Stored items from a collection
-*-
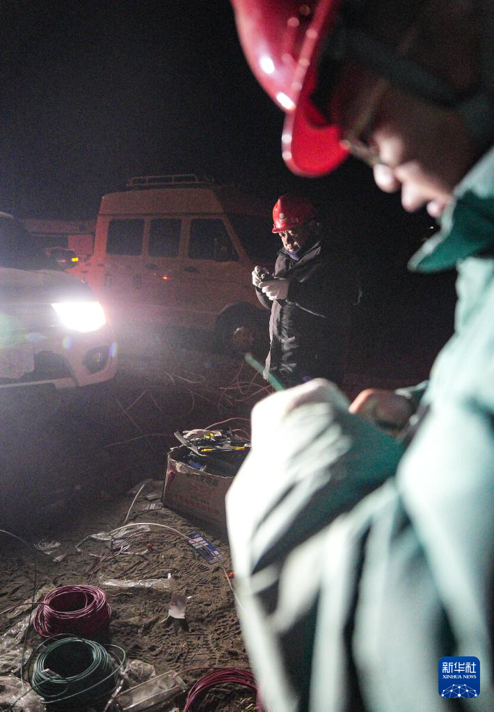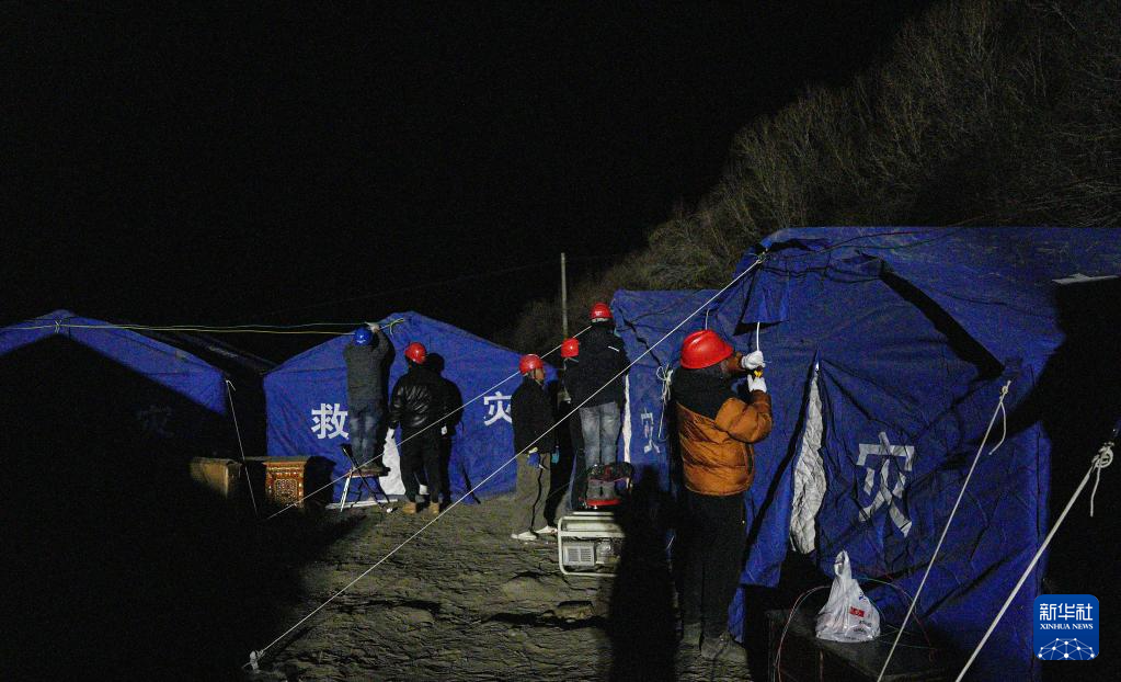 1月7日,在定日县长所乡集中安置点,工作人员在保障电力供应。新华社记者 晋美多吉 摄
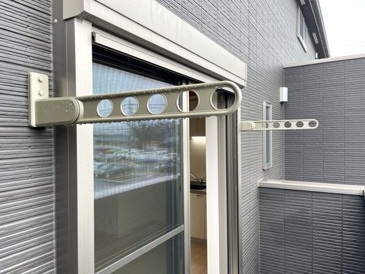 窓付近には洗濯物干しがあり、シャッター雨戸も付いた窓です。
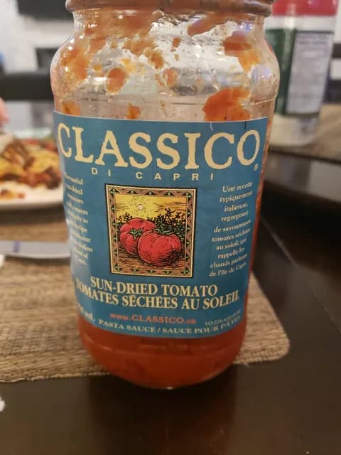 Tomato puree, water, tomatoes, tomato juice, soybean oil, sun-dried tomatoes (sulphites), salt, olive oil, dehydrated garlic, garlic puree, basil, black pepper, citric acid, calcium chloride, red pepper.
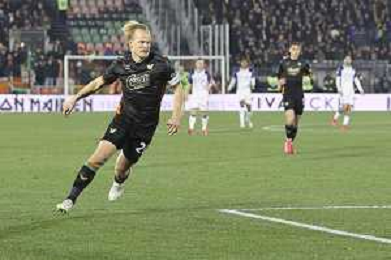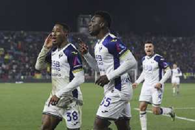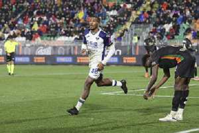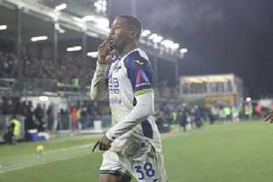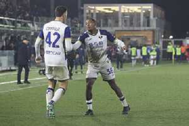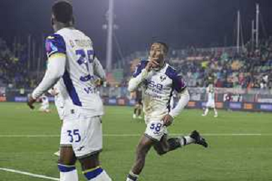 Jackson Tchatchoua of Hellas Verona FC scores a goal during Venezia FC vs Hellas Verona FC, 22° Serie A Enilive 2024-25 game at Pier Luigi Penzo stadium in Venezia (VE), Italy, on January 27, 2025. (Photo by Davide Casentini)- AGENZIA ALDO LIVERANI SAS
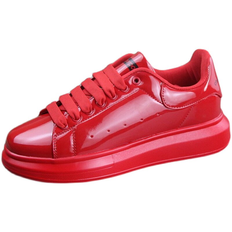 潮牌漆皮情侣内增高板鞋夏季透气红色女鞋百搭学生小白鞋女运动鞋
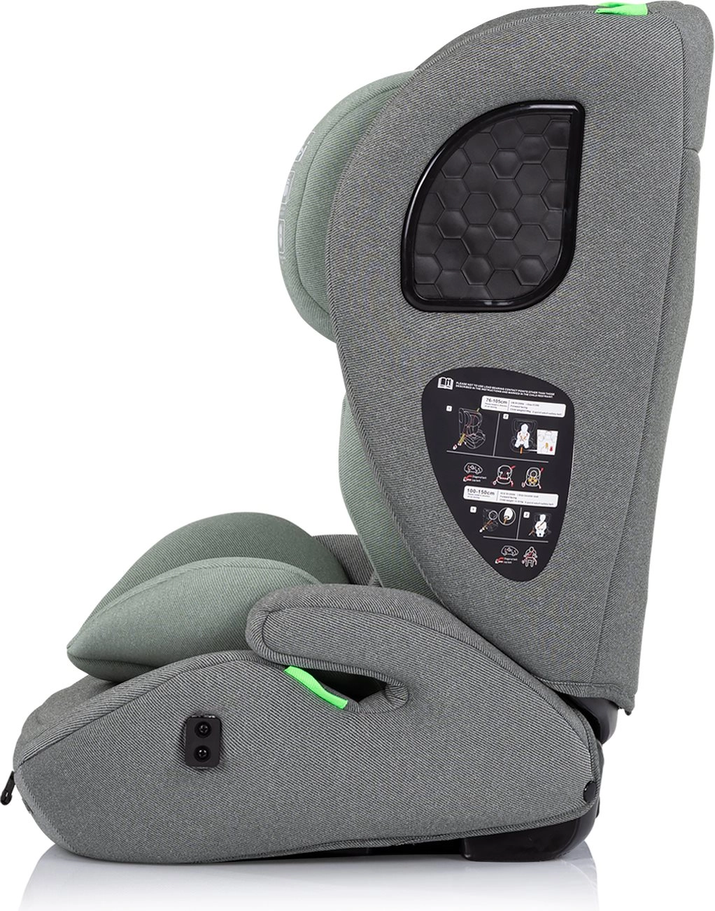 Der Sitz erfüllt die neueste i-Size-Norm einschließlich Tests für Front-, Heck- und Seitenaufprall. Die Auswahl nach Körpergröße gewährleistet die richtige Positionierung des Kindes.
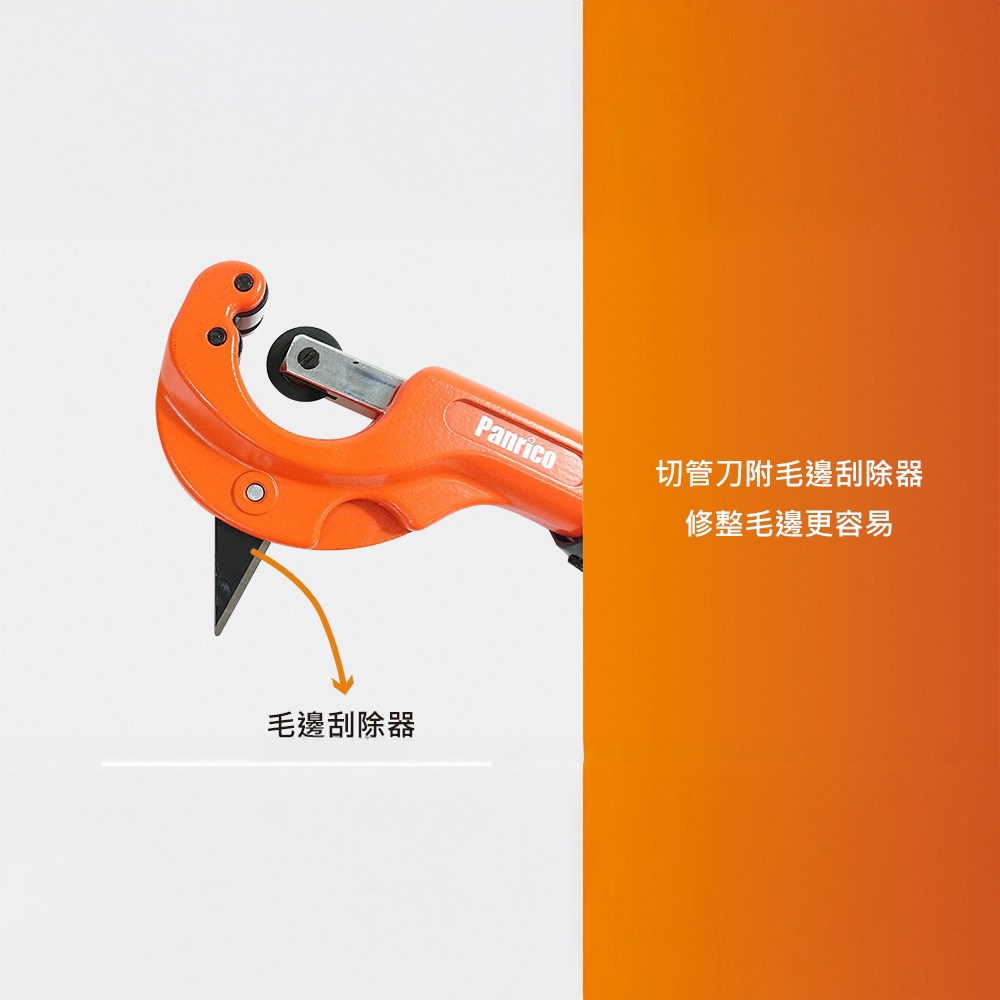 - 內建毛邊刮除器,讓切割後的管子邊緣平滑,使用起來更加安全。
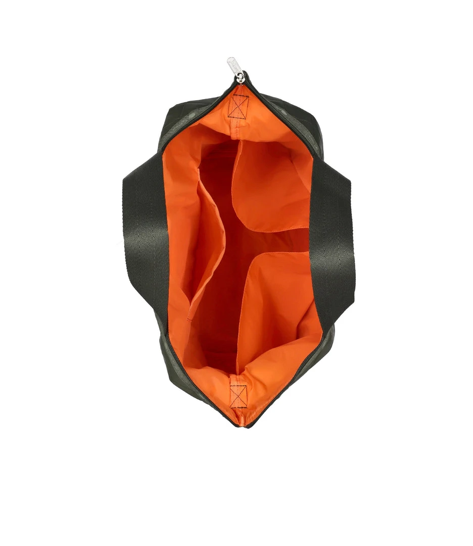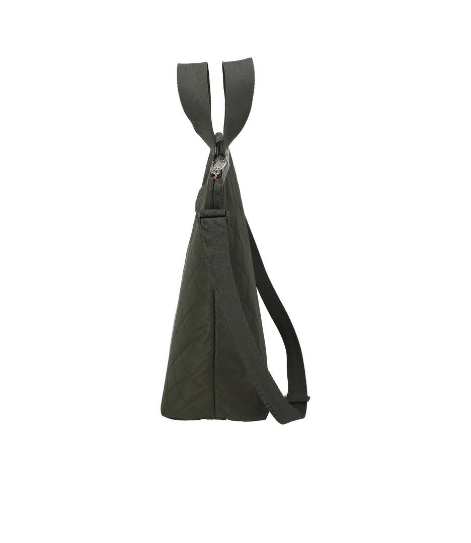 Zip top main closure, 5in (12.7cm) Top handle drop, Adjustable crossbody strap (1.5in/3.81cm wide with a maximum extension of 52in/132cm), Exterior back panel pocket with zip closure, Two interior front wall open pockets, Interior back wall open pocket12.5H x 15.5W (across top)/12.25W (across bottom) x 5D in, 31.75H x 39.37W (across top)/31.12W (across bottom) x 12.7D cm
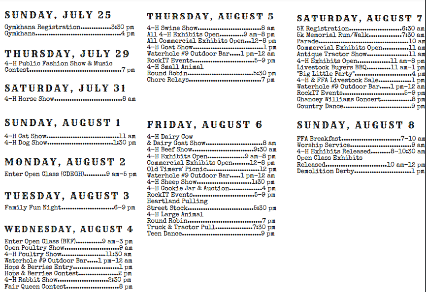 The Box Butte County Fair will be held July 29 through Aug. 8 in Hemingford.
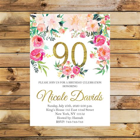 Web check out our printable 90th birthday party invitations with photos selection for the very best in unique or custom, handmade pieces from our shops. Web select one of our 90th birthday invitations or 90th birthday party invitations to celebrate their big milestone! Download, print or send online with rsvp for free. Choose from hundreds of designs. (just like you might look for a different birthday gift for 90 year old man who likes books and a 90 year old woman who loves watching tv, or a different kind of 90th birthday card, so should the birthday details and invitations be different!) Go premium login/sign up my favorites saved drafts my events my events purchases settings log out wedding wedding invites elegant Create a beautiful 90th birthday invitations online without going out of your budget, as it is free at no cost. Web check out our printable 90th birthday party invitations selection for the very best in unique or custom, handmade pieces from our shops. Web we have the best collection of digital printable 90th birthday invitations images with different motives, creative and original to print or share online for free. Web check out our 90th birthday invitations printable selection for the very best in unique or custom, handmade pieces from our shops. Web we’ve got 90th birthday invitation templates to suit every personality and every sort of party.
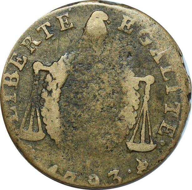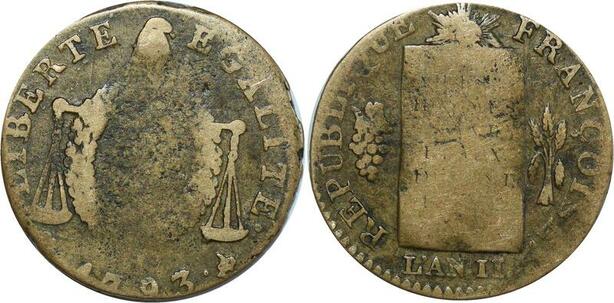 O8573 Rare France Convention 1/2 Sol Balances Louis XVI 1793 H La Rochelle ->Make offer
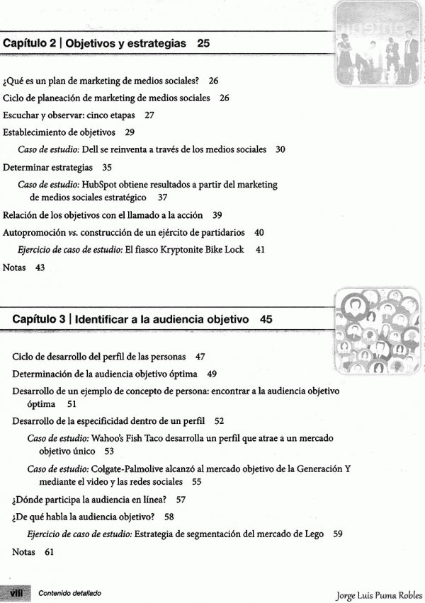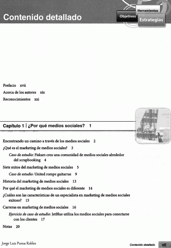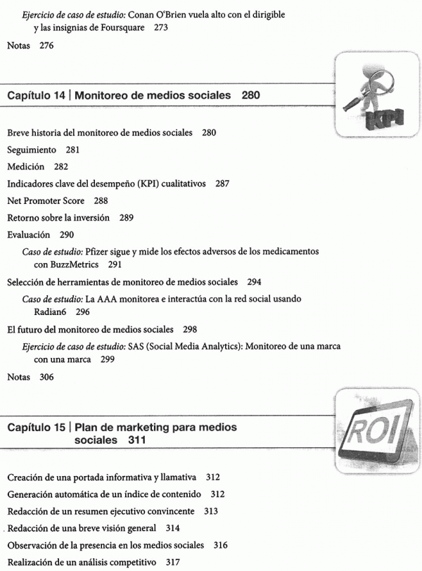 Marketing para Medios Sociales. Un planteamiento estratégico es un libro de texto pionero en el campo y cuenta con una distintiva base conceptual y una estrategia práctica para desarrollar planes de marketing para medios sociales.Aborda las reglas de compromiso y la ética de los medios sociales para comportarse adecuadamente como especialistas en marketing en la red social. Con estos lineamientos en mente, se examinan a detalle las tácticas de marketing más productivas de cada una de las principales plataformas de me dios sociales. Estas tácticas de plataforma específica, junto con todo el material de procedimiento incluido en el libro, se unen en el capítulo final para crear un plan de marketing exhaustivo para medios sociales, con explicaciones e ilustraciones detalladas de un plan aplicado en el mundo real. Se considera ampliamente el monitoreo, la evaluación y la mejora de la implementación de las iniciativas de marketing para medios sociales.Además se introducen y explican las mediciones cuantitativas y cualitativas de medios sociales más útiles, junto con diferentes formas de calcular el retorno sobre la inversión de una organización a partir de las actividades de marketing para medios sociales.
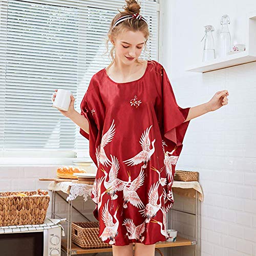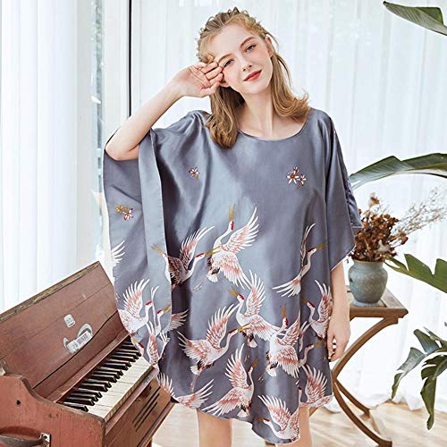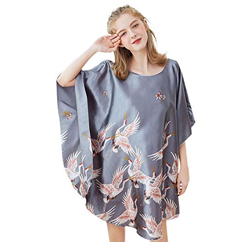 LYH Cárdigan con Estampado De Satén Sexy para Mujer Camisón Único Ropa De Dormir De Estilo Chino Femenino Ropa De Dormir Vestido De Túnica para El Hogar para Dormir para Mujeres, Gris, Talla Única
-*-
From the records above, extract the lines from the one holding "潮牌漆皮情侣内增高板鞋夏季透气红色女鞋百搭学生小白鞋女运动鞋" through the one holding "- 內建毛邊刮除器,讓切割後的管子邊緣平滑,使用起來更加安全。", word for word; omit the pictures.

* _The completed task_
 潮牌漆皮情侣内增高板鞋夏季透气红色女鞋百搭学生小白鞋女运动鞋
 Der Sitz erfüllt die neueste i-Size-Norm einschließlich Tests für Front-, Heck- und Seitenaufprall. Die Auswahl nach Körpergröße gewährleistet die richtige Positionierung des Kindes.
 - 內建毛邊刮除器,讓切割後的管子邊緣平滑,使用起來更加安全。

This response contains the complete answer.